Your personal use case may require more support than that - but the principal applies. You add a deprecation middleware to all routes that adds x-deprecated-version to the headers, as well as clearly documenting that.

So, with this in place, we now handle all our requirements:

• Request Structure - What your user sends to you
• Response Structure - What your user receives from you
• Business Logic - What your API actually does
• New Endpoints - Something new your user can call
• Remove Endpoints - Taking Something away your user can no longer call
• Deprecations / Sunsetting - Adding warnings to things

And we briefly touched on deprecating an entire version - does that wrap everything up in a nice little package? not really.

Talking To Your Users

Your API users are the most important people when it comes to your API - the more you talk to your users, the more you'll learn about what works for them and what doesn't. Here's the list of questions I try to get answers from my users about:

• Is the API easy for the developers to integrate with?
• Can you predict the responses of your API?
• Can you predict the routes of your API?
• Is there anything you wish the API did that it doesn't?
• Is there anything you wish the API didn't do that it does?
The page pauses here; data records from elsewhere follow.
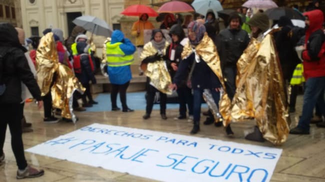 La concentración en Zaragoza ha sido al mediodía en la plaza de La Seo, bajo una intensa lluvia a la que se ha hecho frente con chubasqueros, paraguas y botas de agua, en la que, a través de música y pequeñas interpretaciones y recreaciones (como una barrera humana que impedía el paso de personas), se han reclamado rutas seguras en Europa que faciliten la llegada de refugiados y migrantes, así como la expedición de visados humanitarios, procesos de reasentamiento de refugiados, el acceso diplomático al asilo en terceros países, el fin de las actitudes y medidas denigrantes, racistas y xenófobas contra las personas refugiadas y la suspensión de los acuerdos de retorno suscritos por algunos países europeos.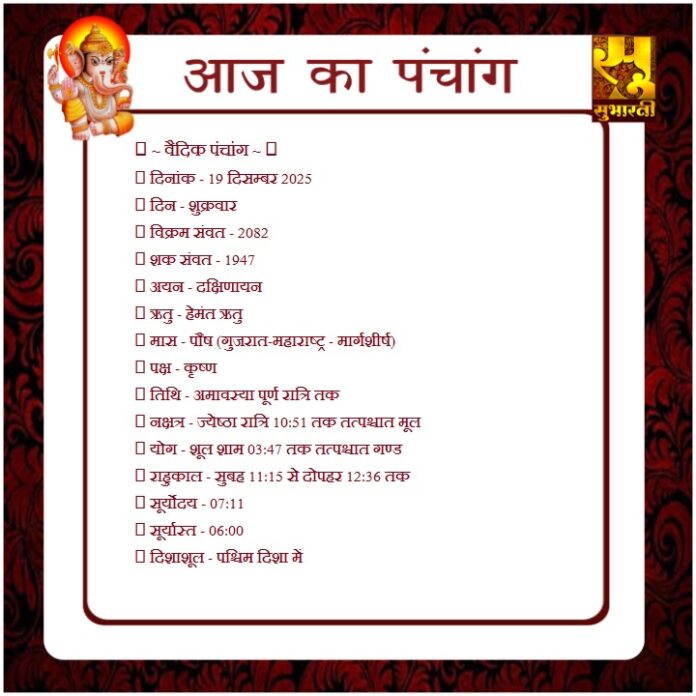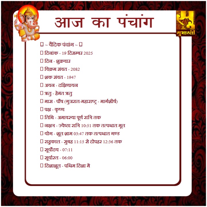 पंचांग राशिफल 19 दिसम्बर का पंचाग By demilation - December 19, 2025 0 53 Share Facebook Twitter Google+ Pinterest WhatsApp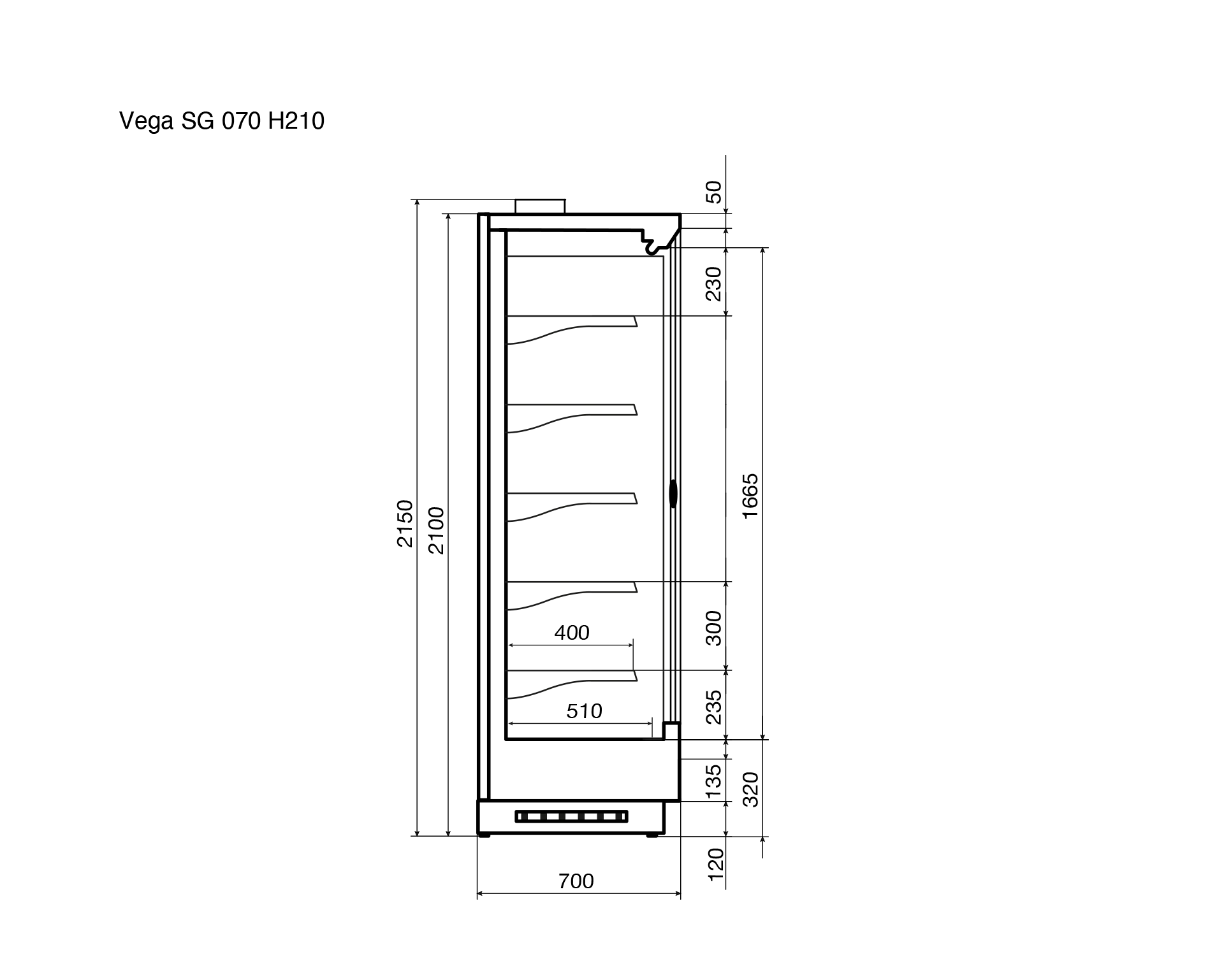 Витрина холодильная Vega SG/DG 070 H210 125 -1...+2 (с боковинами)
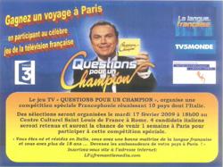 Depuis 1993, l'émission "Questions pour un Champion"organise une compétition francophone. L'Italie est un des dix pays choisis pour participer à l'edition 2009. Les candidats seront sélectionnés à Rome par le Groupe Fremantlemedia, producteur de l'émission. Vous avez encore quelques jours pour tenter votre chance

This sort of feedback really helps when designing versioning in your API, as the users can help you form ideas and concepts for future versions, as well as help you identify bugs you don't know about, or developer pain points you don't know about.
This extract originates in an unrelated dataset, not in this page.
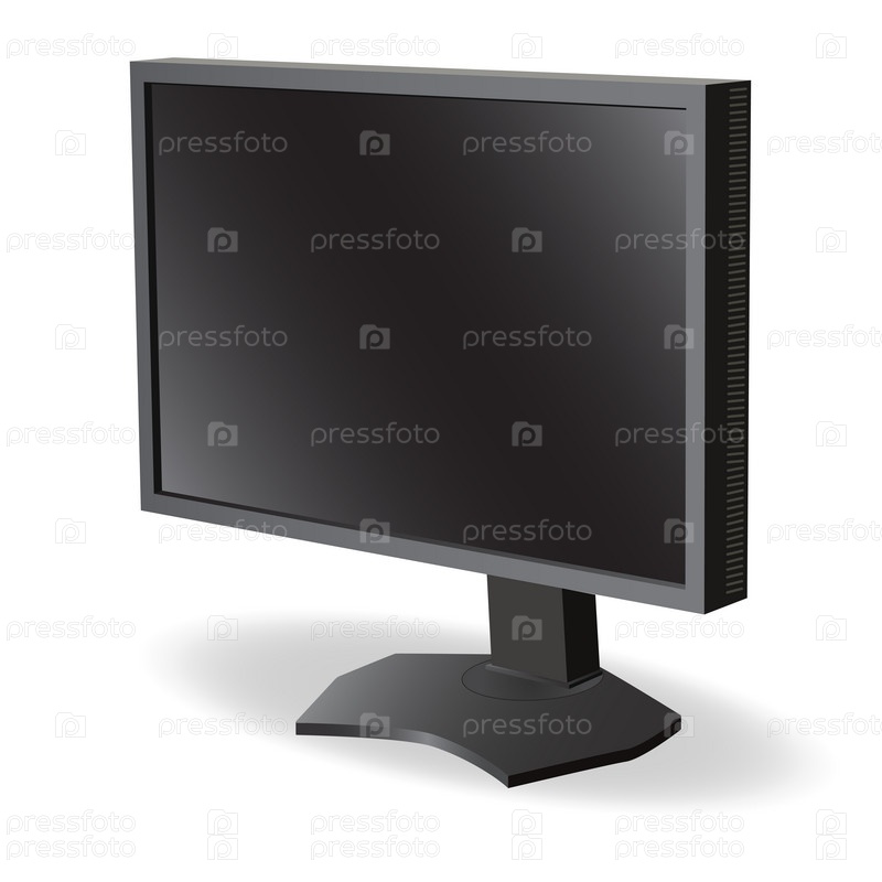 Черный ЖК телевизор на белом фоне. Векторная иллюстрация
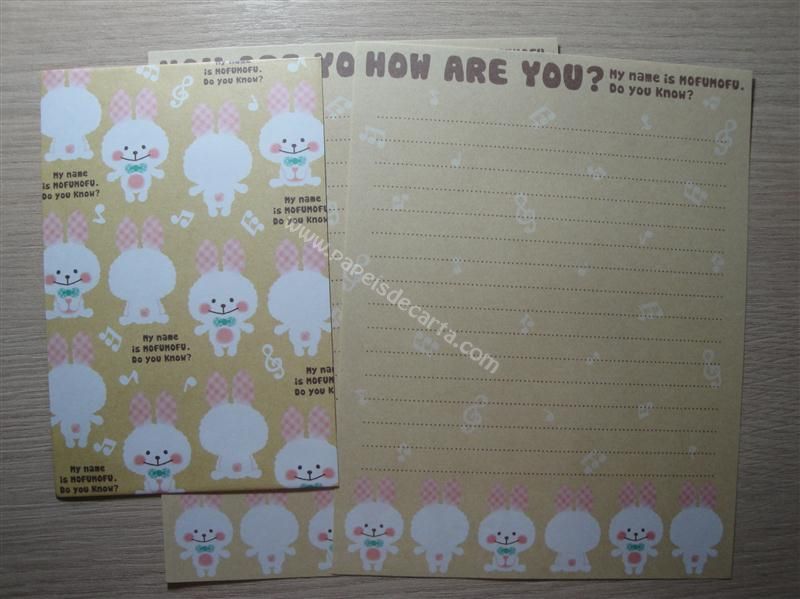 Conjunto importado, de papel de carta com 2 folhas iguais e 1 envelope do Mofumofu.

Remember - effective API versioning hinges on solid code architecture and robust management practices. It's also crucial to maintain comprehensive API versioning documentation. While it's essential to communicate with your users and provide support for at least two versions during their integration period, never underestimate the power of well-crafted documentation in guiding them through the transition.
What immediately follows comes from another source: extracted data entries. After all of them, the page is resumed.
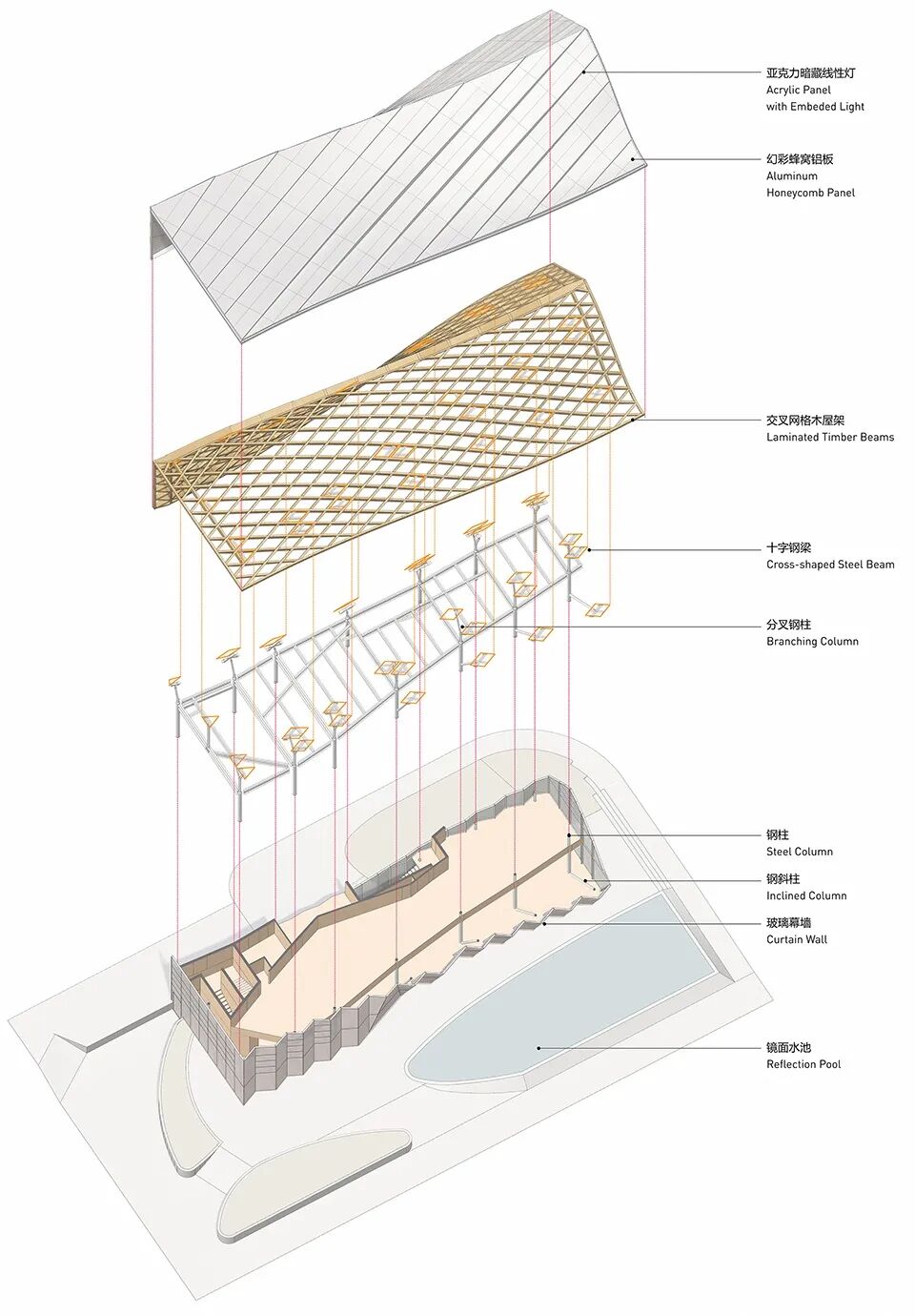 建筑的结构为钢木混合结构。斜向交叉的网格状胶合木木梁顺应双曲面形体排布,由室内一路延伸至檐口,形成了人工建构的自然与室外绿意的对话。为了增加稳定性,钢柱在二层楼板以上分叉,并以十字型钢梁搭接到木屋顶两个网格的中心点,形成树枝般的结构构件。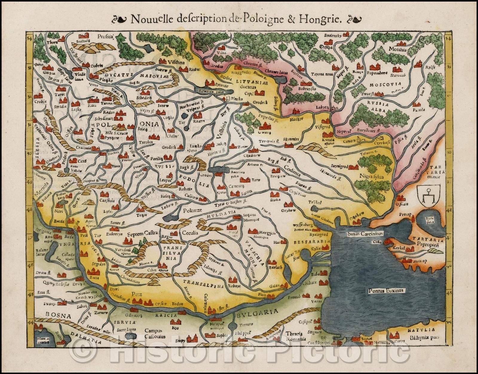 Nouvelle description de Poloigne & Hongrie/Hungary New Poloigne & description, 1552, Sebastian M?nster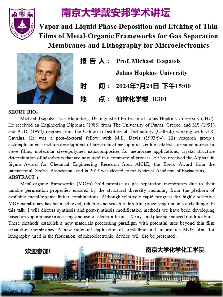 7月24日戴安邦学术讲坛-Prof. Michael Tsapatsis: Vapor and Liquid Phase Deposition and Etching of Thin Films of Metal-Organic Frameworks for Gas Separation Membranes and Lithography for Microelectronics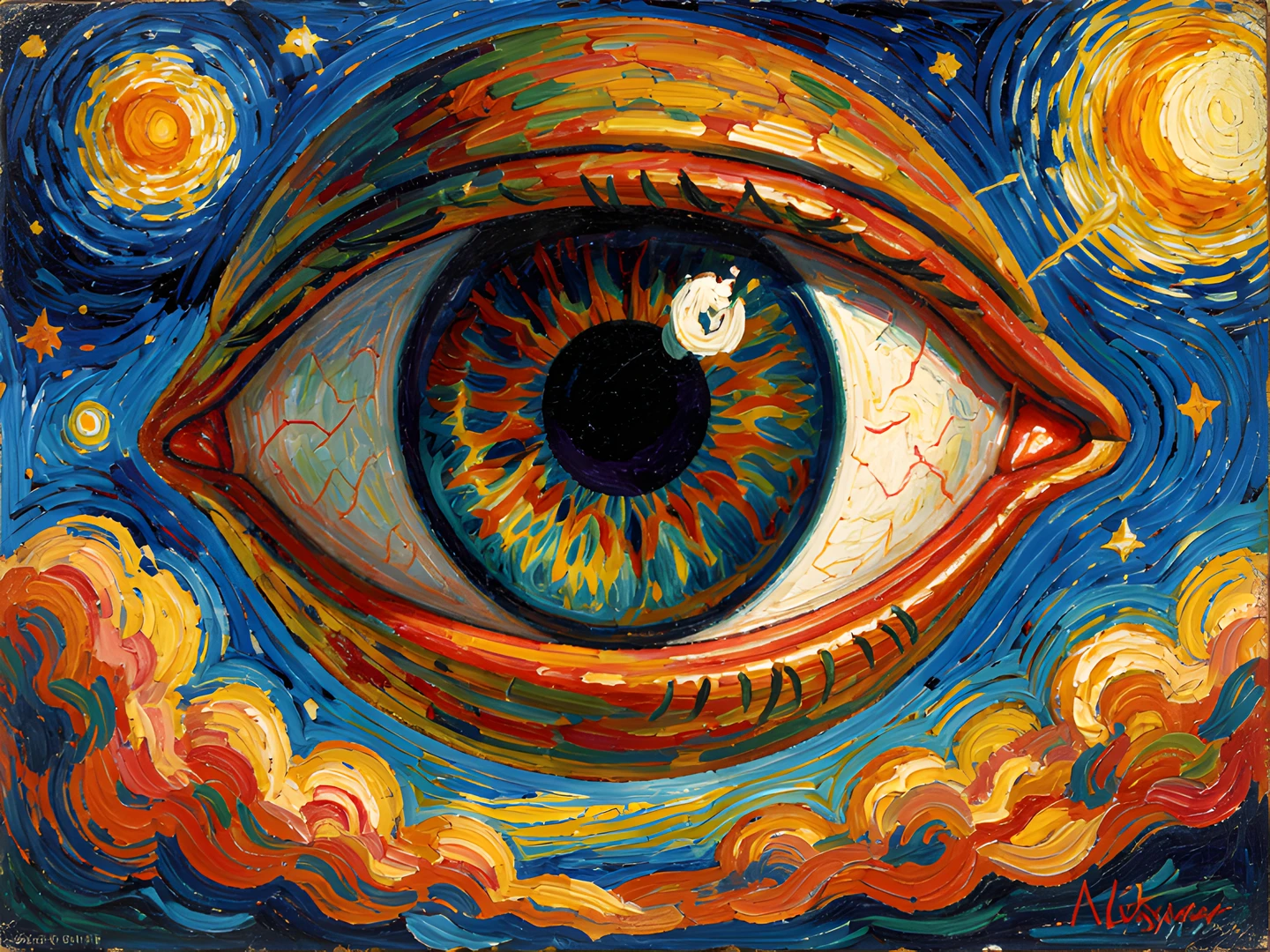 brushstrokes colorful colors da eye floating giant impressionist leonardo post sky style thick vinci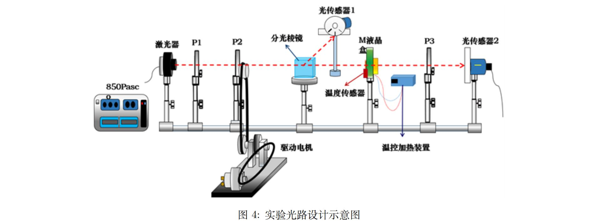 实验仪器包括:625nm红光激光器,P1、P2、P3是偏振片,M为40度扭曲向列相液晶盒,温控加热装置(Pi加热片和温控仪),驱动模块(包括电机、传动轮和履带)光传感器,光学平台,PASCO’850数据接口,计算机软件 PASCO’ s Capstone。

API versioning is a crucial aspect of software engineering that allows us to introduce changes to our APIs while maintaining backward compatibility. A well-structured project, like the one discussed, with organized directories for different versions, endpoints, models, and configurations, serves as a solid foundation. Implementing strategies, such as the Strategy Pattern, for handling business logic variations between versions ensures flexibility. Adding new endpoints and gracefully removing or deprecating old ones is made straightforward by cascading routing. Ultimately, successful API versioning goes beyond code; it involves engaging with users to understand their needs, predict responses, and shape future versions. Effective versioning, good code structure, and user feedback together form the pillars of a robust API development strategy.